Novotny remembers when she first learned about creativity and reels off the situations in which it stood her in good stead, because personal problems as well as scientific problems yield to creativity.

When she was in third grade, test scores indicated she was a candidate for the school's enrichment center.

''It was the first time I had a good time in school. I learned easily when it was fun and when the teacher liked me,'' she said.

Novotny carried these vivid third-grade memories throughout her teacher training and while she studied for her master's degree, always avoiding dull classes, and when she worked with children, remembering to create an environment in which children liked to learn and were encouraged to try.

Too much seriousness is the first way to kill a creativity class. So Novotny dresses in a dull, brown, oversize smock; a wierd, orange mop-head wig, crazy hat, and extended nose to become Ranatra Fusca.

''She is my alter ego, sometimes rude, sometimes in a hurry, but always handing out problems to solve. She's everything you don't need, but students pay attention to her,'' she said.

Children often ask to wear parts of her outfit, which so far hasn't happened in the adult class.

Tallman regards creative problem solving as a pertinent part of his work.

''It is a different type of thinking than we are taught in engineering where we learned to follow a formula. This class should be a freshman level class in all engineering colleges,'' he said.

John Stoops, design engineer, is using the theories from the class to create a digital voltmeter with a protective circuit, to allow a person using the meter to make a mistake without destroying the instrument.

Chris Davis, Tektronix engineer who evaluates oscilloscope designs said, ''Always before I worked on the scientific level. Now I know a combination of the scientific and the creative produces results.''

Barbara Lee, Tektronix design engineer with the assignment to develop a more reasonable, smaller oscilloscope with more functions, said ideas from the class helped her.

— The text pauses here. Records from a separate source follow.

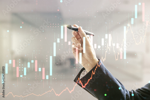 Double exposure of man hand with pen working with abstract creative financial chart hologram on blurred office background, research and strategy concept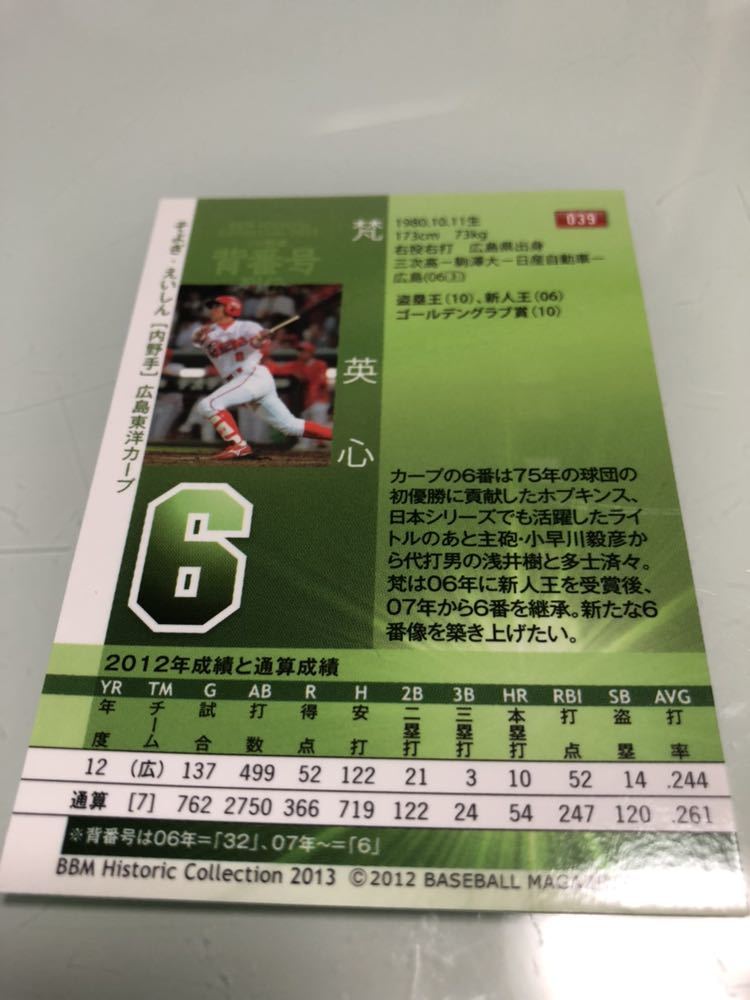 Product name: BBM2013★ヒストリックコレクション★梵英心★プロ野球背番号列伝6★広島東洋カープ★039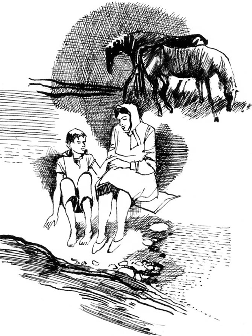 – Ох, ноженьки! Скоро ли?.. – вздыхает мать. – Окаянная дорога. Всю-то жизнь по ней майся!.. Ты ботинки-то не потерял?

She could not be specific because details are a trade secret, and the product is not yet on the market.

''All I can say is, when I start a new project, I remind myself my thinking CAN be unlimited,'' she said.

''That's the purpose of the class,'' said Novotny, ''whether with children or adults, we want them to be fluent, flexible, original, elaborative thinkers.''

Those who attended the class said it helped personally as well as professionally.

''Among other things we learned we can influence people in a positive way instead of stifling them. This is important for a department manager,'' said Tallman.

''Now when I interview engineers during a recruiting tour, I find out what each candidate knows about creative problem solving,'' said Stoops.

Perhaps Ms. Novotny put her finger on the greatest advantage.

''There's a certain fulfillment that comes from being creative. Creative people are happy, they generate options from which to make choices. Through choices they feel freer.'' she said.